Video streaming optimization

There are two main problems in the video streaming program above, one is how to end the transmission data stream, and the other is how to provide services to multiple clients with a single service.
First of all, for the first question, the principle is to record the timestamp of the last response. If the difference between the timestamp of the last response and the current timestamp is greater than the threshold (it can be set to ten seconds, but it should not be too small, otherwise it will cause the request to fail normally) . Here is the optimized code:

Define Camerathe base class:

class BaseCamera(object):
    thread = None  # background thread that reads frames from camera
    frame = None  # current frame is stored here by background thread
    last_access = 0  # time of last client access to the camera
    # ...

    @staticmethod
    def frames():
        """Generator that returns frames from the camera."""
        raise RuntimeError('Must be implemented by subclasses.')

    @classmethod
    def _thread(cls):
        """Camera background thread."""
        print('Starting camera thread.')
        frames_iterator = cls.frames()
        for frame in frames_iterator:
            BaseCamera.frame = frame

            # if there hasn't been any clients asking for frames in
            # the last 10 seconds then stop the thread
            if time.time() - BaseCamera.last_access > 10:
                frames_iterator.close()
                print('Stopping camera thread due to inactivity.')
                break
        BaseCamera.thread = None

Inherited BaseCameraclasses Camera:

class Camera(BaseCamera):
    """An emulated camera implementation that streams a repeated sequence of
    files 1.jpg, 2.jpg and 3.jpg at a rate of one frame per second."""
    imgs = [open(f + '.jpg', 'rb').read() for f in ['1', '2', '3']]

    @staticmethod
    def frames():
        while True:
            time.sleep(1)
            yield Camera.imgs[int(time.time()) % 3]
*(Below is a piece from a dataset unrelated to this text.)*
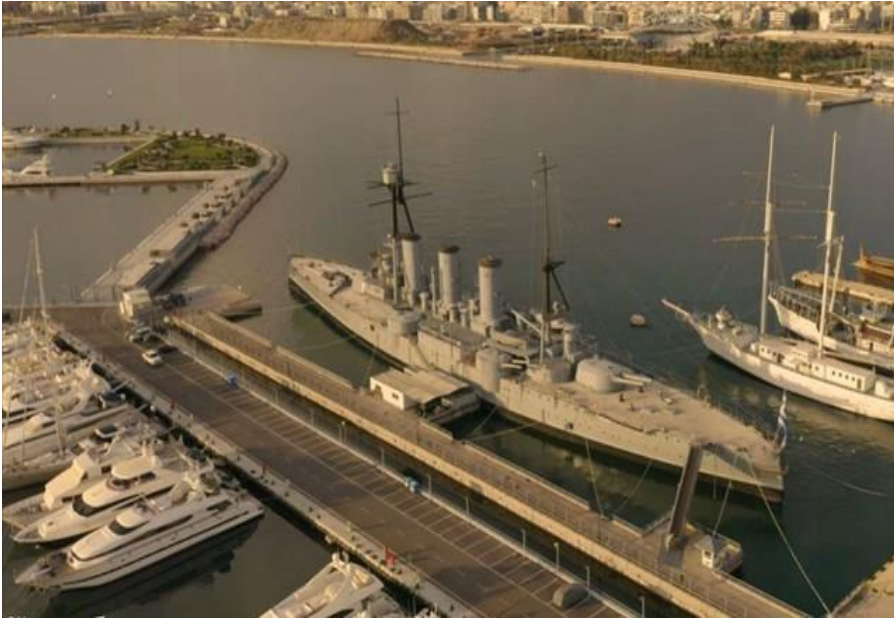
Resim 7-Averof, Pire Limanı'nda-2020

Then, for the second question, multi-threading can be used to improve the performance of multi-client requests. On the other hand, it is found that the server consumes a lot of CPU during the test. The reason is that there is no synchronization between the background thread capturing frames and the generators that serve those frames to the client. Both run as fast as possible, regardless of the speed of the other.
So there needs to be a mechanism where the generator only delivers raw frames to the client, and if the delivery loop inside the generator is faster than the camera thread's frame rate, then the generator should wait until new frames are available so that it can adjust the speed itself to match the camera rate. On the other hand, if the delivery loop runs slower than the camera thread, it should never fall behind in processing frames, but should instead skip frames to always deliver the latest frame. The solution is to have the camera thread signal the running generator when a new frame is available. The generator can then block while waiting for a signal before sending the next frame.
To avoid adding event handling logic in the generator, implement a custom event class that uses the caller's thread id to automatically create and manage separate events for each client thread.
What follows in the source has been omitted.